Why AutoModel.from_pretrained() is not used

This model uses a custom PyTorch architecture rather than a standard Transformers architecture.

The current supported interface is:

snapshot_download(...)

followed by:

from inference import recognize

A future release may provide a dedicated interface such as:

ocr = AmharicFidelOCR.from_pretrained(
    "Beeface/amharic-fidel-ocr-student"
)

Dataset

The model was trained and evaluated using the Fidel Amharic OCR dataset:

upanzi/fidel-dataset

The dataset contains handwritten, typed, and synthetic Amharic text-line images.

The dataset itself is not redistributed in this model repository and remains subject to its own license and usage conditions.

Training objective

Stage 1 training used:

L_stage1 = L_CTC + 0.5 × L_NRTR

The CTC head is retained for inference. The NRTR decoder was used only to provide additional sequence-level supervision during training.

Planned Stage 2

The next project stage will use a fine-tuned SuryaOCR model as a high-capacity teacher.

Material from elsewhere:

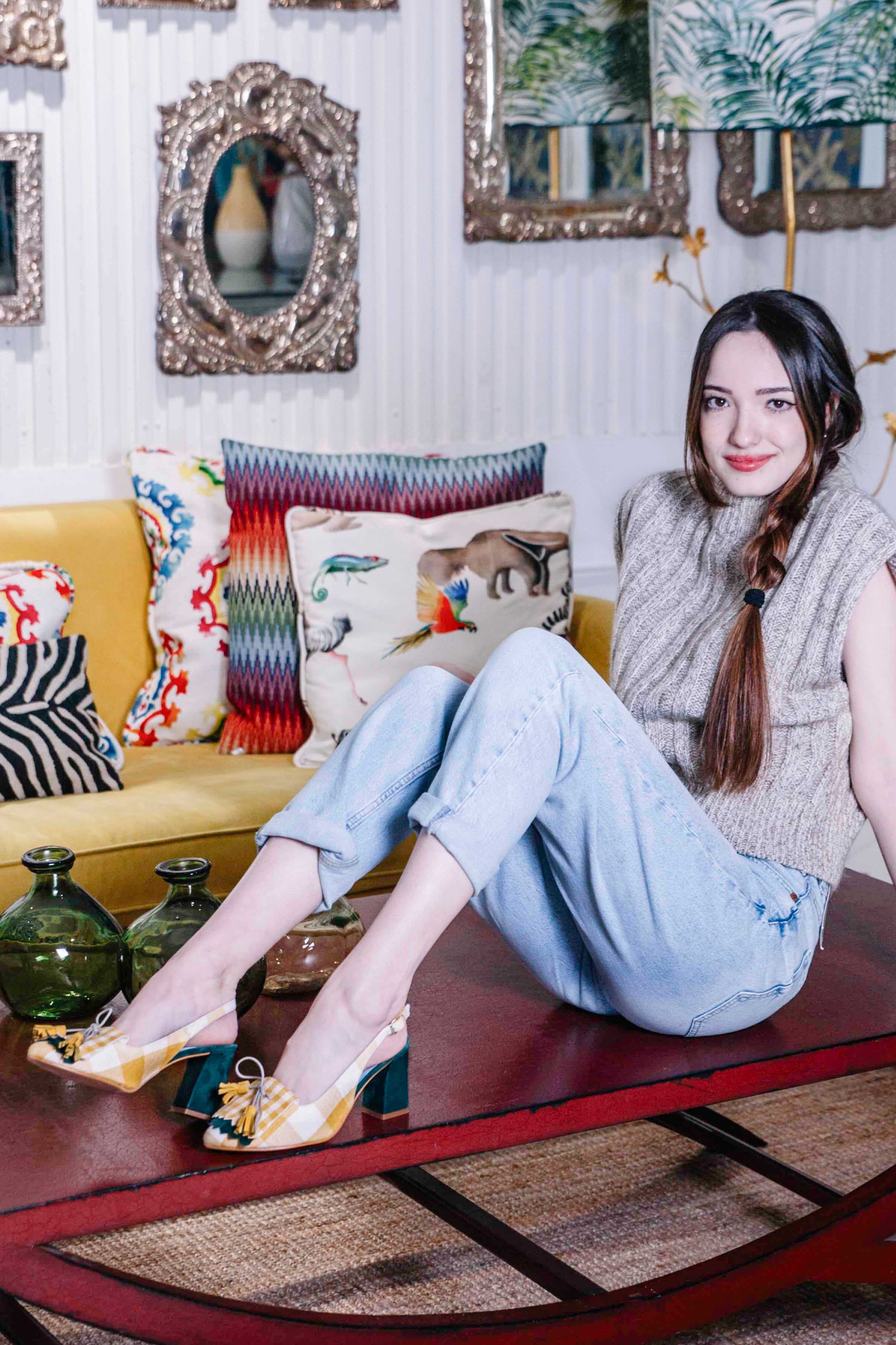 Talon haut de 6,5 cm, bride arrière, languette et fenêtre et tissu gaze à carreaux vichy • INTÉRIEUR EN CUIR BLEU CLAIR • Fabriqué en Espagne. Intérieur 100% cuir. Semelle en cuir. Modèle exclusif defloresyfloreros, conçu et fabriqué en Espagne.

The intended Stage 2 objective is:

L_stage2 =
    L_CTC
    + λ_NRTR × L_NRTR
    + λ_KD × L_KD

Teacher guidance may include:

  • confidence-filtered teacher transcripts;
  • sequence-level pseudo-labels;
  • soft targets or logits where available and compatible;
  • focused guidance on difficult handwritten samples.

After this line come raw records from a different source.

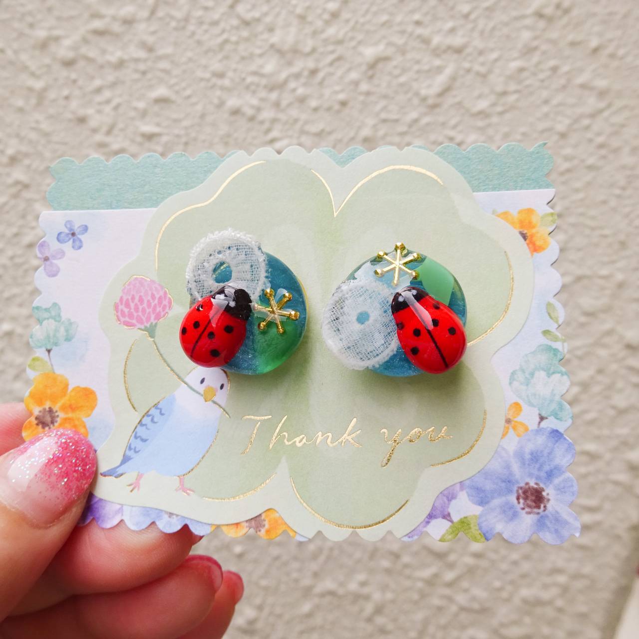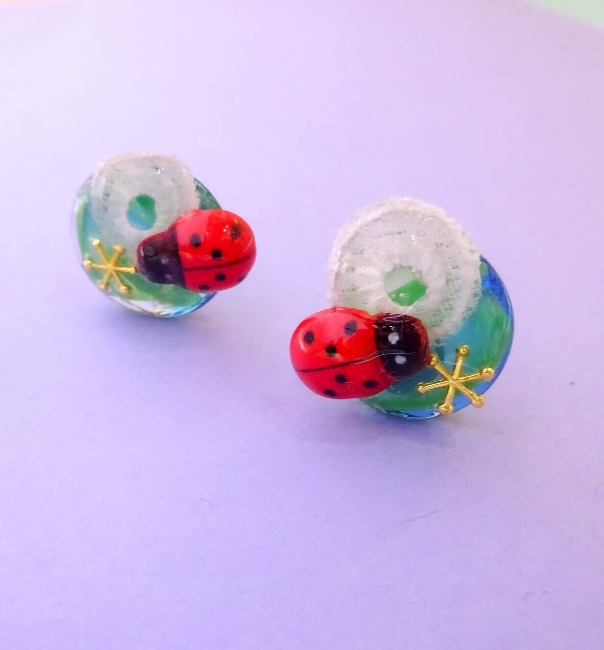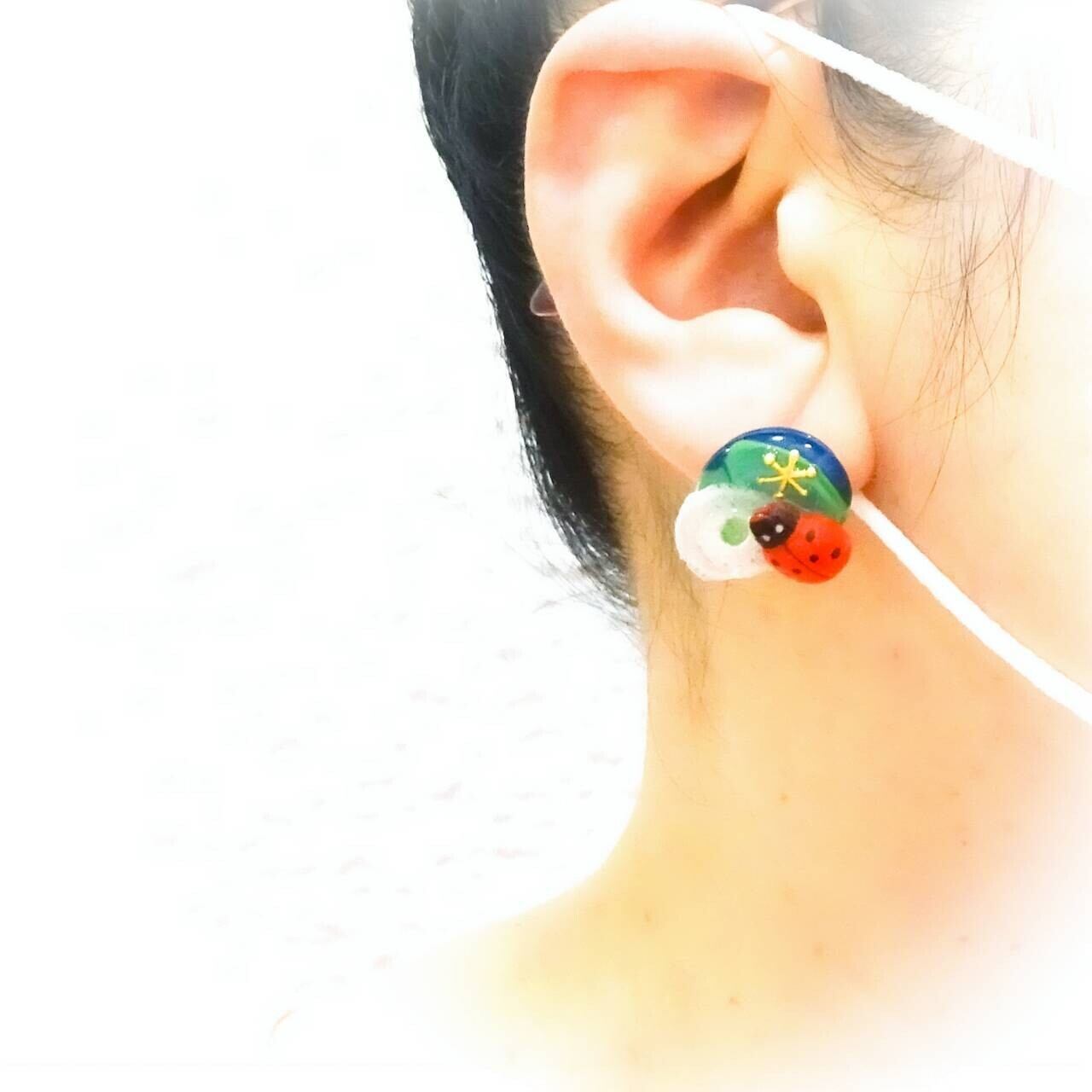 てんとう虫とかたつむり みどりの陶器 ピアス イヤリング タイル 生き物 でんでん虫 カタツムリ テントウムシ
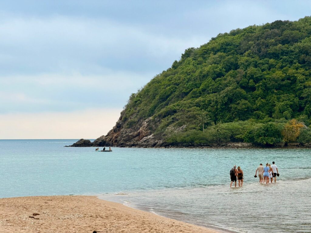 Gestärkt machten wir uns dann auf den Weg zum Ko Ma Beach. Hier wollten wir das Schnorcheln mit Emelie so richtig ausprobieren – und es wurde ein voller Erfolg. Mit Schwimmweste und zusätzlichen Schwimmreifen manövrierte Conny Emelie durchs Riff, gemeinsam mit Tom entdeckten sie Seegurken, kleine und große Fische sowie ganze Schwärme. Besonders die Engelsfische und die großen Papageienfische hatten es Conny angetan. Emelie konnte gar nicht aufhören, mit dem Finger in alle Richtungen zu zeigen, um auf die vielen Fische aufmerksam zu machen. Zum Abschluss setzte sie sich gemütlich in den Schwimmreifen und ließ sich entspannt wieder an Land ziehen.
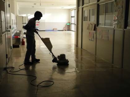 管理作業員さんが廊下の床を磨き、ワックスをかける作業をしています。

The inference architecture will remain unchanged:

LCNetV4-style backbone → LightSVTR → CTC

The teacher will not be required during deployment.

Research status

Stage 1 student training: completed
Official test evaluation: completed
Writer-disjoint evaluation: completed
Handwritten error analysis: completed
Stage 2 teacher evaluation: not started
Teacher prediction generation: not started
Student distillation: not started

Source code

Project source code, training scripts, notebooks, and evaluation results are maintained at:

BeefaceData/amharic-ocr-recognizer

Acknowledgements

This work uses the Fidel Amharic OCR dataset.

The student recognizer is inspired by the PP-OCRv6 recognition design, particularly lightweight convolutional visual encoding, LightSVTR-style sequence modeling, CTC inference, and auxiliary sequence supervision.

SuryaOCR is the planned high-capacity teacher for Stage 2.

License

No license has been selected for this model repository yet.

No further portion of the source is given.